[TASK DETAILS] Nothing in the records may be altered, and no picture may be included. Restate them in full.

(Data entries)

○ ○ ○ ○

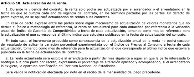 «Durante la vigencia del contrato, la renta solo podrá ser actualizada por el arrendador o el arrendatario en la fecha en que se cumpla cada año de vigencia del contrato, en los términos pactados por las partes. En defecto de pacto expreso, no se aplicará actualización de rentas a los contratos», informa el punto número 1 de este artículo de la Ley de Arrendamientos Urbanos.
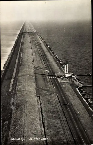 Ak Den Oever Wieringen Nordholland Niederlande, Afsluitdijk met Monument
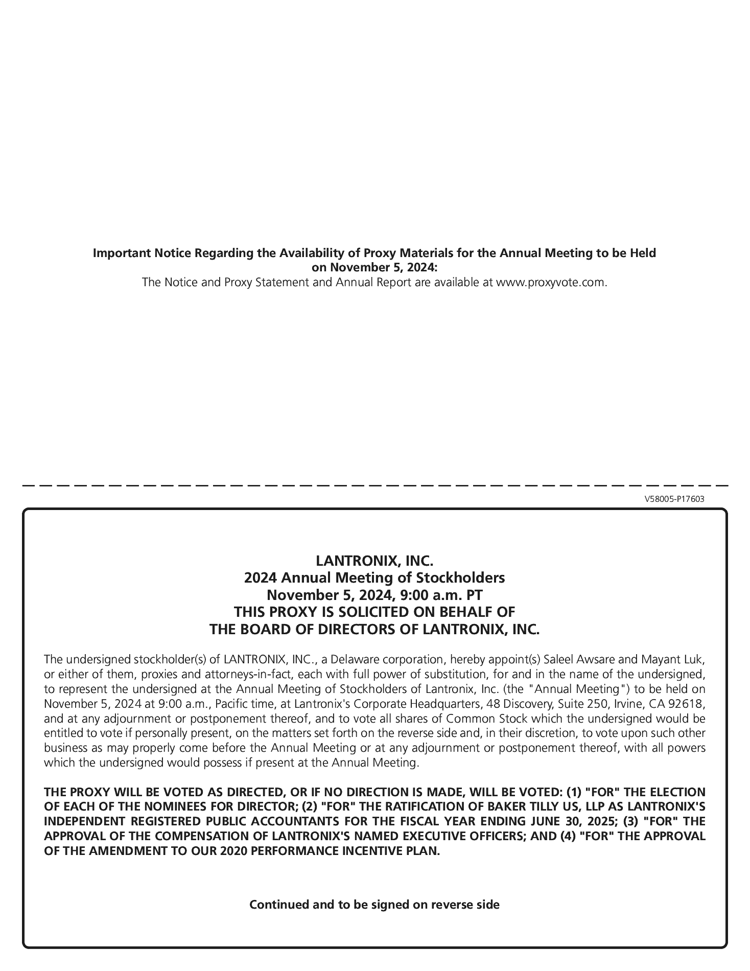 receive a separate set of proxy materials, please send your request to: Lantronix, Inc., 48 Discovery, Suite 250, Irvine, California 92618, Attention: Corporate Secretary, or contact our Corporate Secretary by phone at (949) 453-3990. You may also contact us if you received multiple copies of the proxy materials and would prefer to receive a single copy in the future.
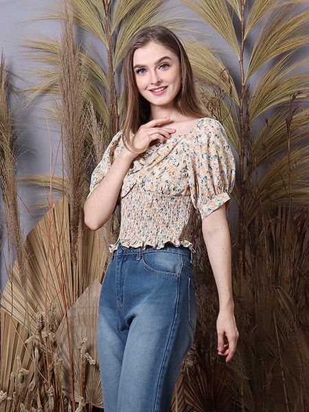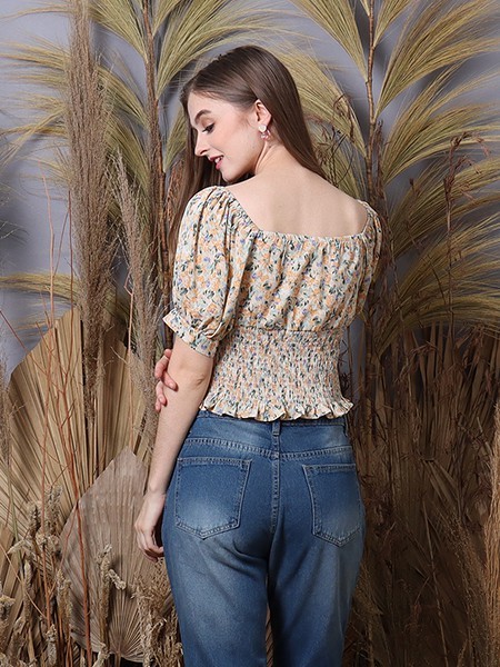 Flower Embroidered Waist Drawstring Top Flower Embroidered Waist Drawstring Top
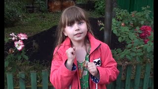 Вика помогает копать картошку
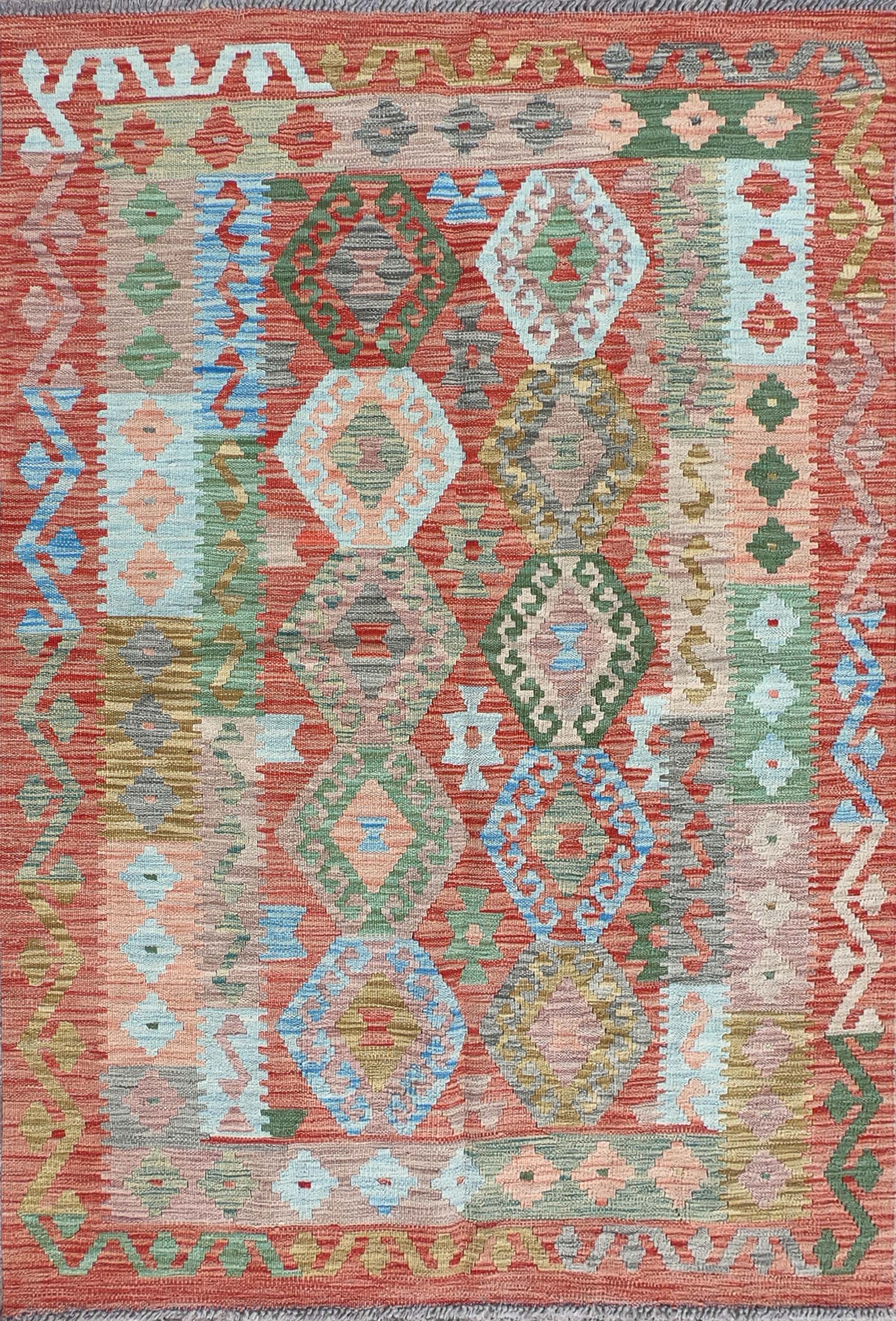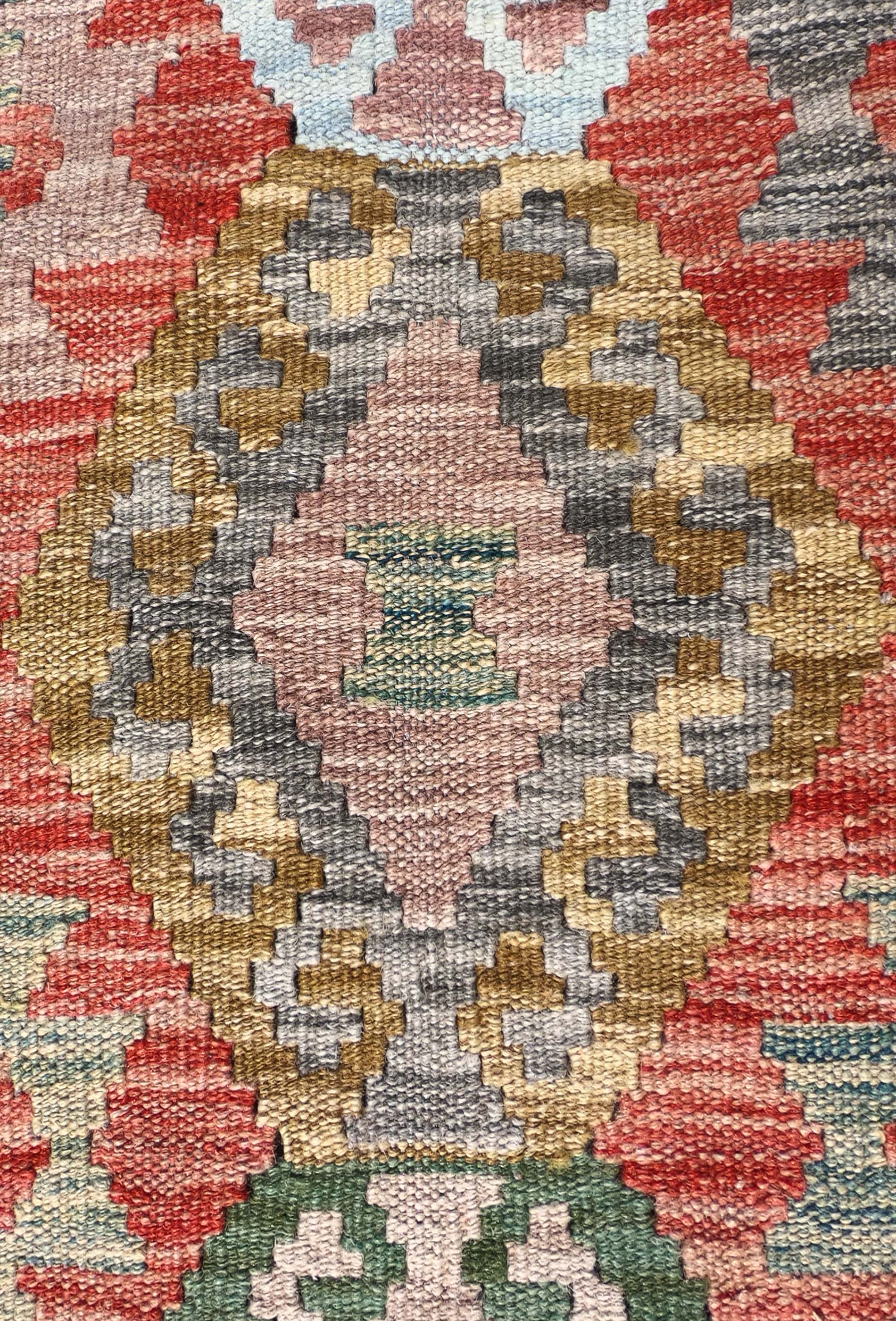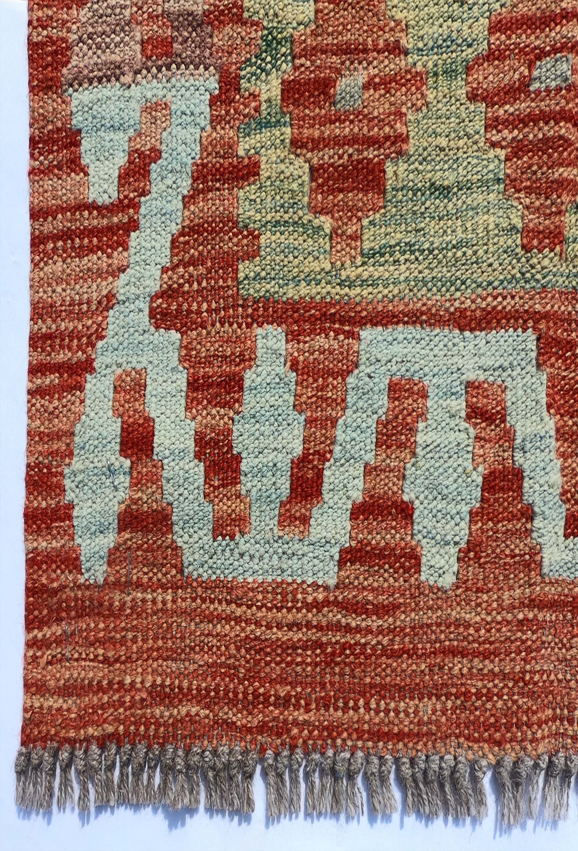 Alfombra de lana tejida en telar de origen Pakistaní, teñida con tintes naturales. Fabricada según la técnica tradicional de tejido de fisura. Esta alfombra se caracteriza por su tejido plano, diseños geométricos y gran colorido.
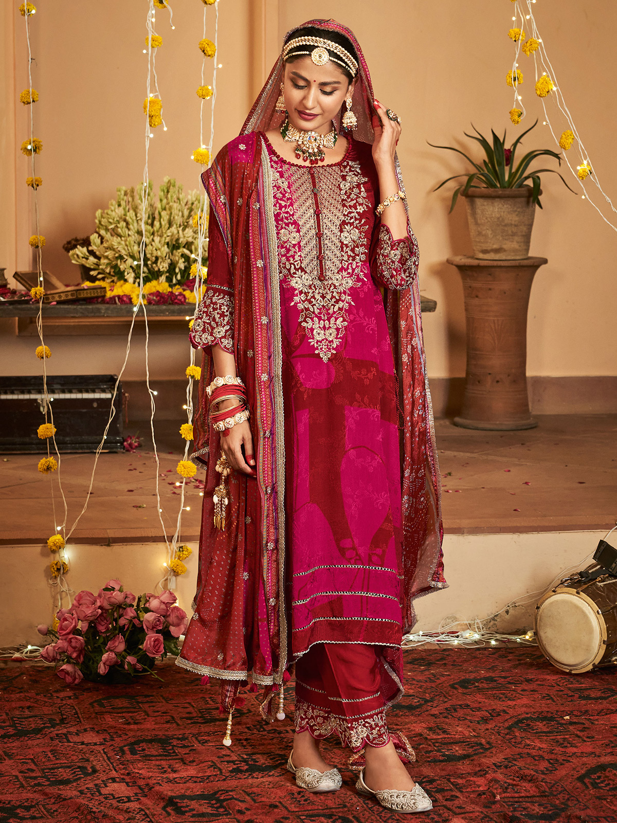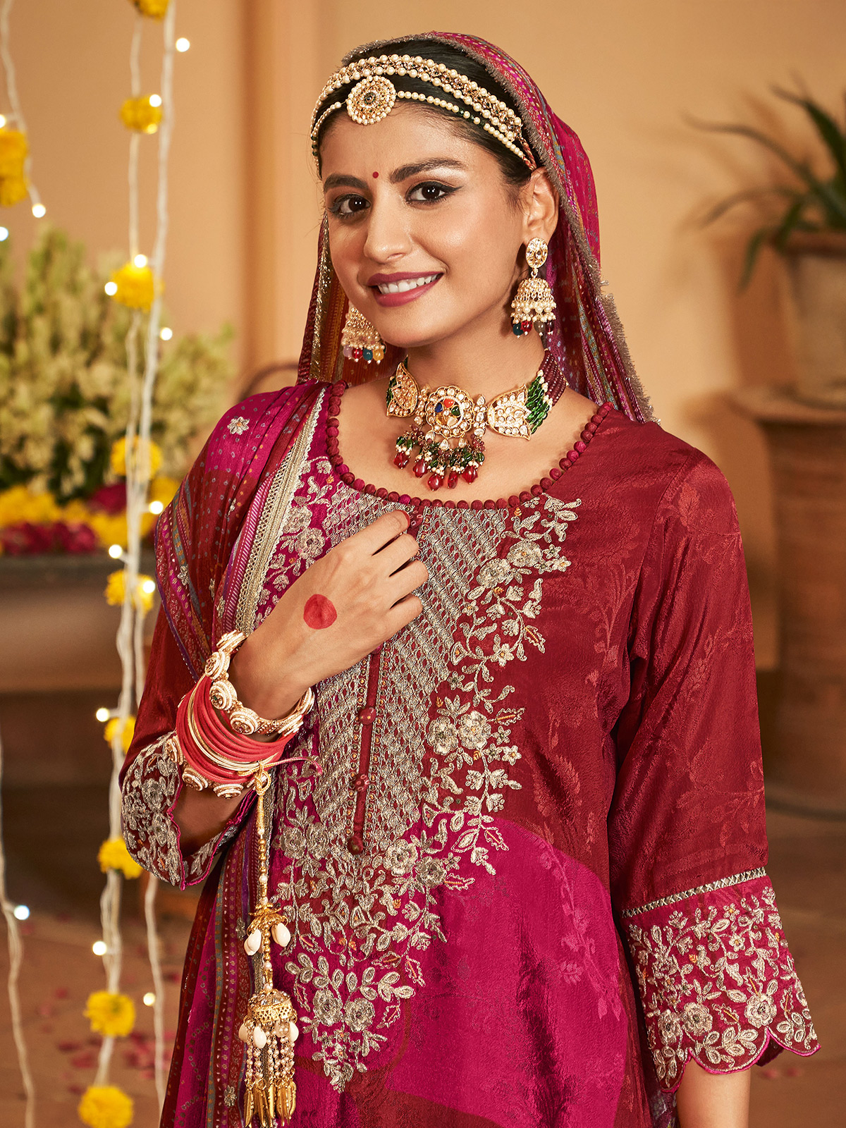 Celebrate tradition in this rich maroon silk salwar suit adorned with delicate resham work. A round neck and quarter sleeves enhance the ethnic charm, balanced by coordinating pant and dupatta.

○ ○ ○ ○

[ANSWER]
 «Durante la vigencia del contrato, la renta solo podrá ser actualizada por el arrendador o el arrendatario en la fecha en que se cumpla cada año de vigencia del contrato, en los términos pactados por las partes. En defecto de pacto expreso, no se aplicará actualización de rentas a los contratos», informa el punto número 1 de este artículo de la Ley de Arrendamientos Urbanos.
 Ak Den Oever Wieringen Nordholland Niederlande, Afsluitdijk met Monument
 receive a separate set of proxy materials, please send your request to: Lantronix, Inc., 48 Discovery, Suite 250, Irvine, California 92618, Attention: Corporate Secretary, or contact our Corporate Secretary by phone at (949) 453-3990. You may also contact us if you received multiple copies of the proxy materials and would prefer to receive a single copy in the future.
 Flower Embroidered Waist Drawstring Top Flower Embroidered Waist Drawstring Top
 Вика помогает копать картошку
 Alfombra de lana tejida en telar de origen Pakistaní, teñida con tintes naturales. Fabricada según la técnica tradicional de tejido de fisura. Esta alfombra se caracteriza por su tejido plano, diseños geométricos y gran colorido.
 Celebrate tradition in this rich maroon silk salwar suit adorned with delicate resham work. A round neck and quarter sleeves enhance the ethnic charm, balanced by coordinating pant and dupatta.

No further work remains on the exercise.